ESTATE IN Extremadura, Spain by ÁBATON Architectura
August 28th, 2015 by Sumit Singhal
Article source: ÁBATON Architectura
Located in a privileged environment in the province of Cáceres, the goal was to transform an abandoned stable into a family home by completely renovating it in a way that would be consistent and respectful with the environment. At the end, the Studio decided that building from scratch was the best option as the stable was in a terrible shape.
High on a hill and far from city water or an electrical grid, a thorough investigation resulted in the addition of photovoltaic and hydro power (weighted toward solar in summer and hydro in winter) and worked to ensure the home wouldn’t use much energy. The building’s original orientation also helped as southern exposure allowed for the sun to be the main source of heat during the winter.
A generous eave prevents much sun from entering the home during summer, thus keeping it cool. Large wooden shutters that slide closed like a second skin, cover the large windows at night to trap in most of the home’s daily solar heat gain.
As the building is located far from city water but perfectly located below two streams that flow year round the water is pure and can be used for drinking and bathing.
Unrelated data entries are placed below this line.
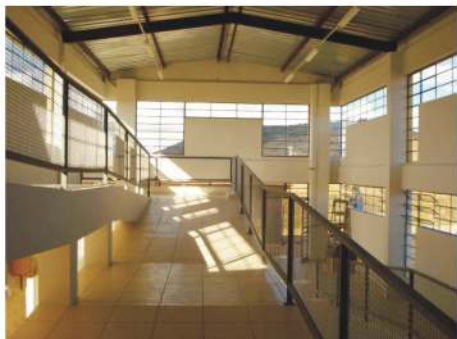
Vista interna de um prédio do Campus do Mucuri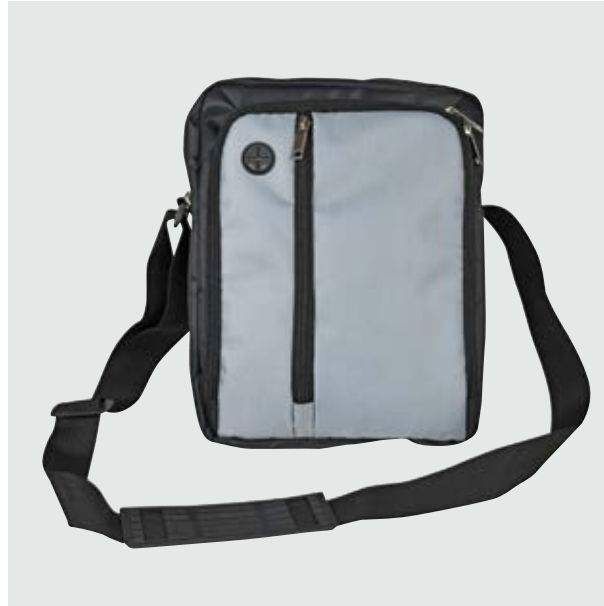
MAL 528 Bandolera Baggio ■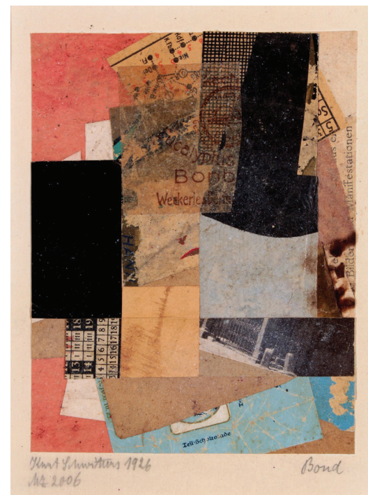
Kurt Schwitters, Mz 2006 Bond, 1926, collage, 16,5 x 12,5 cm. Paris, Musée national d'Art Moderne

En première page : Couverture du catalogue de l'exposition « Chaosmose ».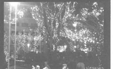
昨年の第2回「きらめく夜の散歩道」の様子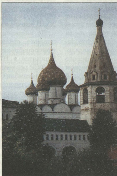
Не гаснут звезды на куполах Рождественского собора

Памятник представлял собой для Владимиро-Суздальской земли в разные периоды уникальный образец почти по всем направлениям храмового строительства. Начиная с собора Мономаха, он был первым кирпичным зданием и первым городским собором (кафедральный деревянный находился в Росто-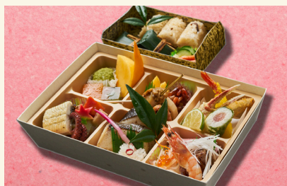
蘇芳(すおう)…… 6,480円 (税込)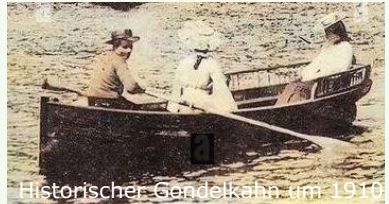
Historischer Gondelkahn um 1910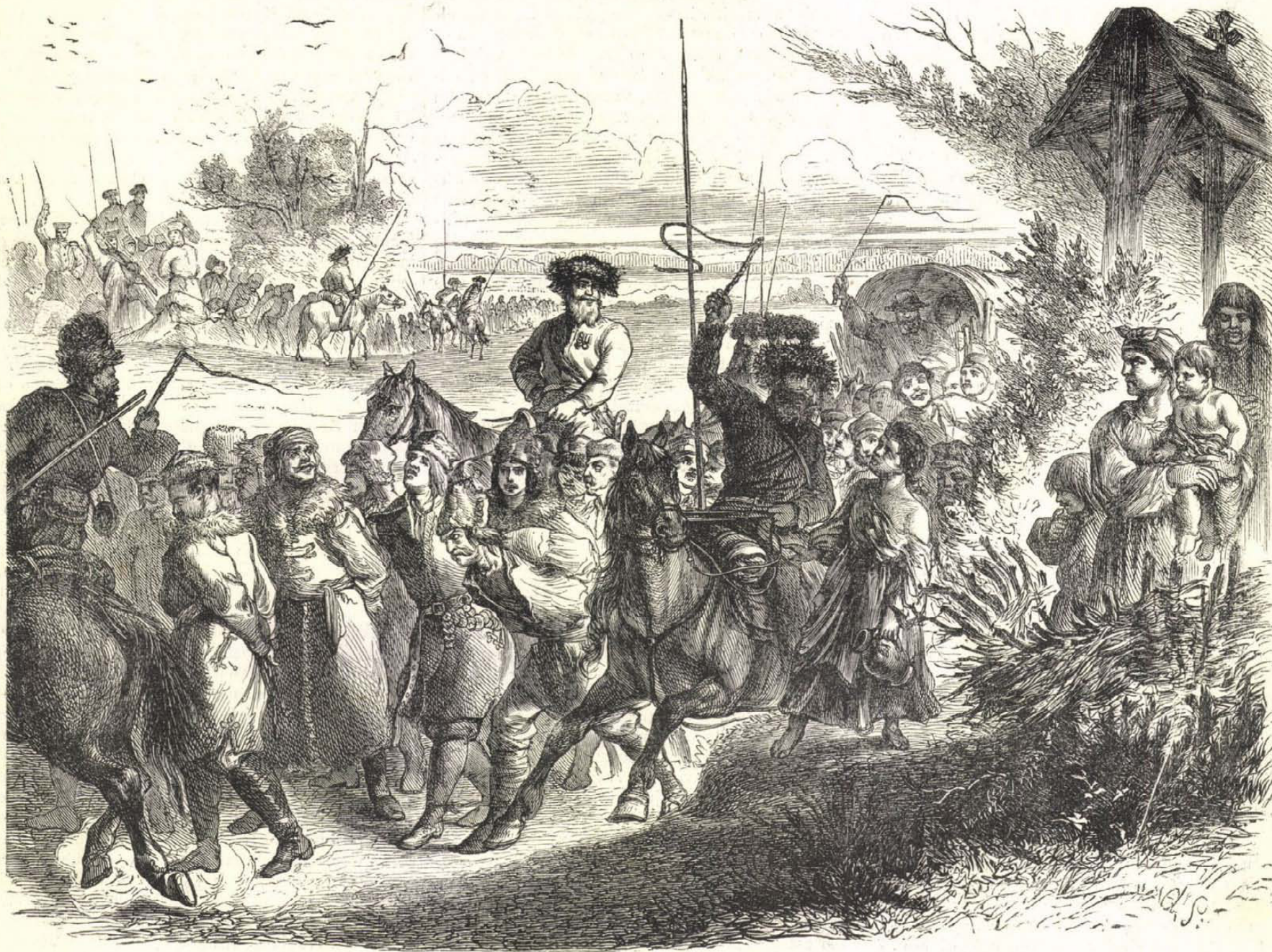
Lengyel fölkelők szállítása Szibériába.

Végre a Cerberushoz jut az utas, hol a szik-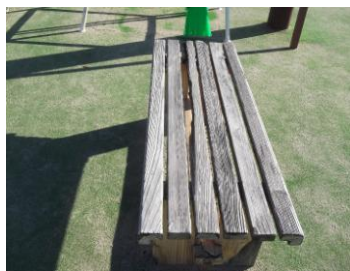
ベンチ天板破損状況

庭球場第5コートのコートサイドにある木製ベンチの天板中央部1枚が腐食し破損した。既存板を撤去し、新規にミツガ製 60mm×30mm×1,500mmの板材をガードラックで塗装し、取り付けた。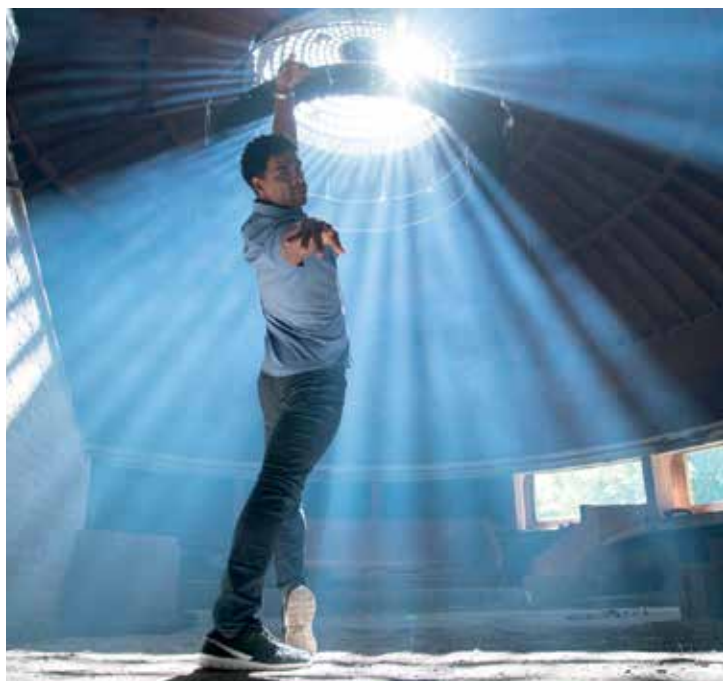
Filmstill YULI

Details zu Führungen und Rahmenprogramm siehe Vorderseite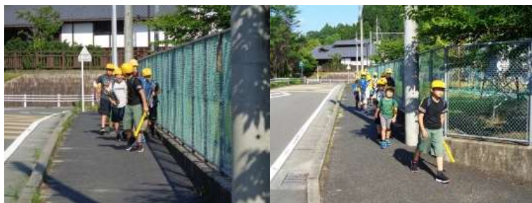
後ろを振り向き列を整える通学班長さん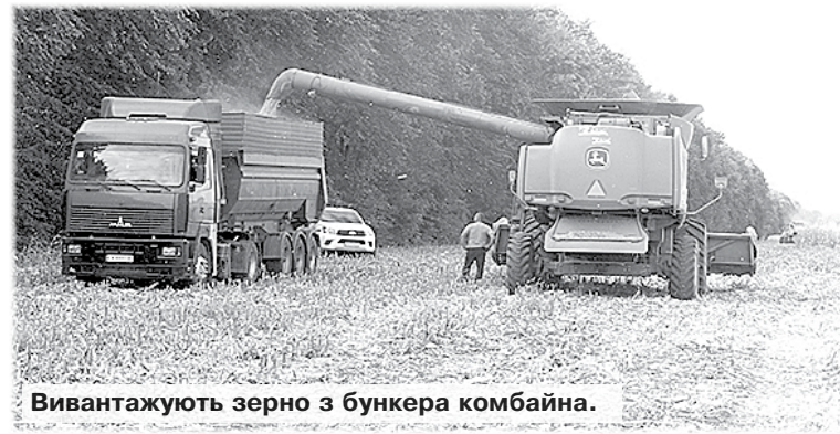
Вивантажують зерно з бункера комбайна.

Василь МАРЧЕНКО, фото автора. Шполянщина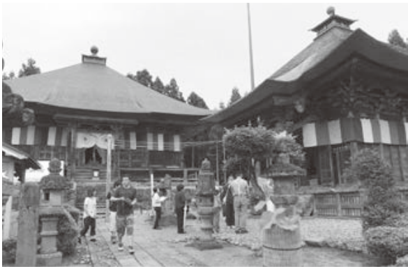
<羽黒山正善院黄金堂>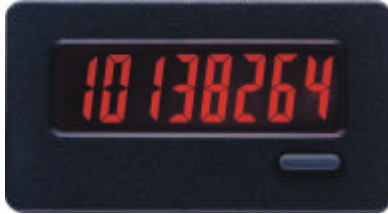
CUB 7P in Originalgröße

Der CUB 7P ist ein programmierbarer Impulszähler, dessen Ansteuerung je nach Ausführung über einen Schaltkontakt, über Spannungsimpulse von 10 bis 300 V oder Logikpegel erfolgen kann. Ein Skalierfaktor von 0.0001 bis 1.9999 und ein einstellbarer Dezimalpunkt ermöglichen eine individuelle Anpassung an die jeweilige Zähltaufgabe. Rückgestellt werden kann die Anzeige über die Fronttaste und einen externen Eingang.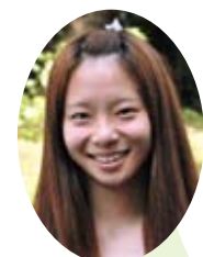
宮学短大 立南高内 出身 平成23年 幼稚園2年 立南高内 出身 平成23年 立南高内 出身 平成23年

私は初等教育科ですが、全ての実習を通して自分に向いているのは幼稚園教諭だと思... 笑顔に変わっていくことに喜びを感じたか... らです。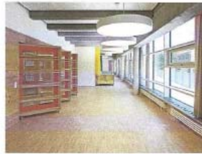
Grundschule Klein Flottbeker Weg, Trapez Architektur Hamburg

Umbau der Bibliothek zum Lehrerzimmer mit folgenden Funktionen: Teambesprechung/Beratung/Konferenz, informelle Kommunikation, Unterrichtsvor- und - Nachbereitung und Ablage von Unterrichtsmaterialien für die Lehrer zu ermöglichen und Umbau des Lehrerzimmers zum Pausenraum um einen Ruhe- und Rückzugsort, sowie eine Ablage persönlicher Sachen der Lehrkraft zu schaffen.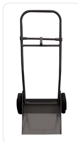
Chariot de transport en option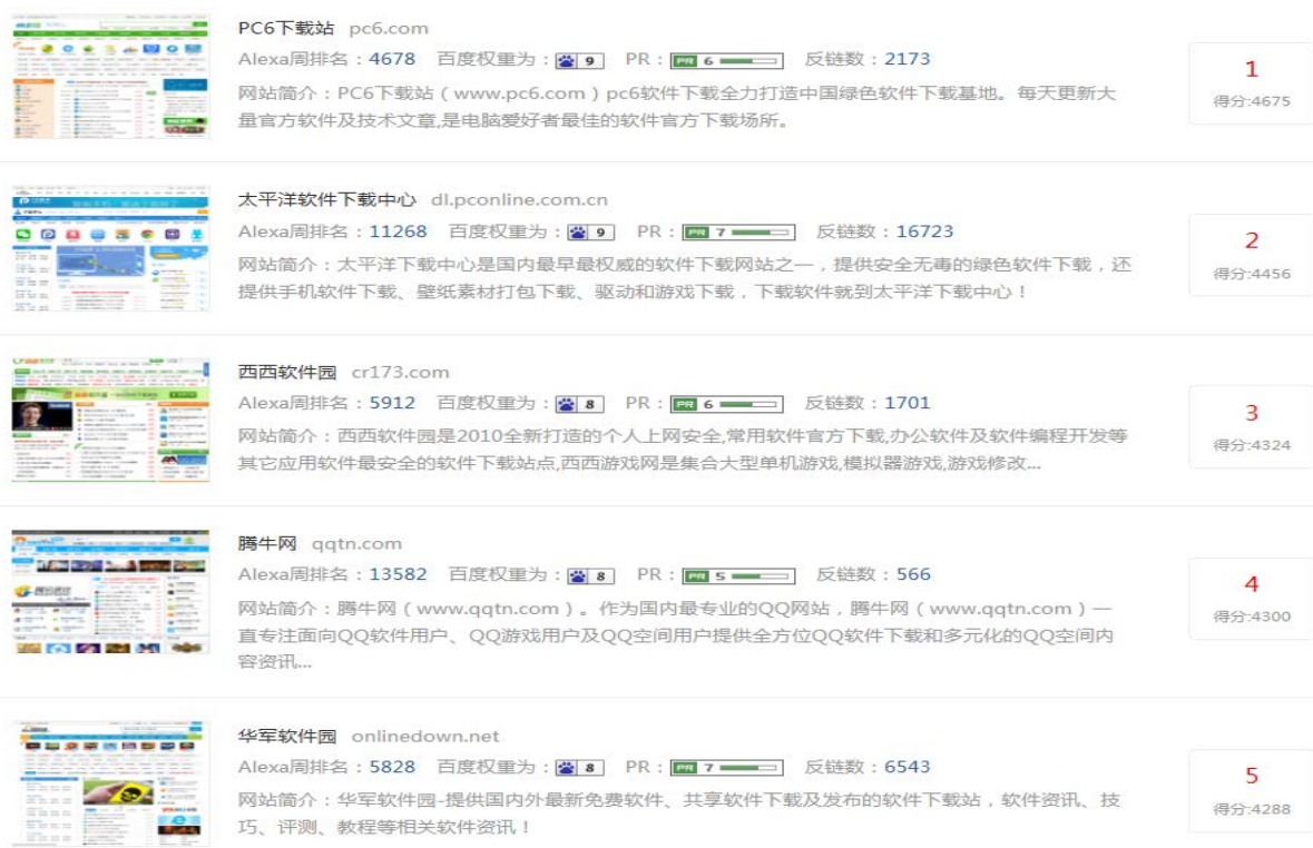
图: 站长之家网站统计排名截图 (2016 年 12 月 31 日)

综合统计 | Alexa排名 | 百度权重 | PR值 | 移动排名 | 排名变化

The swimming pool acts as a holding tank for use in irrigation.
In the interior nature has been incorporated almost to every room in the house: bathrooms with views of the interior patio and its stone water fountain, bedrooms with huge picture windows overlooking the countryside.
The position of the architecture is as it was originally and the material used are also the same though given the home’s crumbling state the façade was built with a mix of cement and local stone.In the interior, supporting walls were replaced by light metal pillars, the haylofts in the upper area were converted into bedrooms and the enormous central lounge serves different purposes. In short, a mix of modern cement and iron beams coexist with well-worn stone, weather-beaten wood and local stone.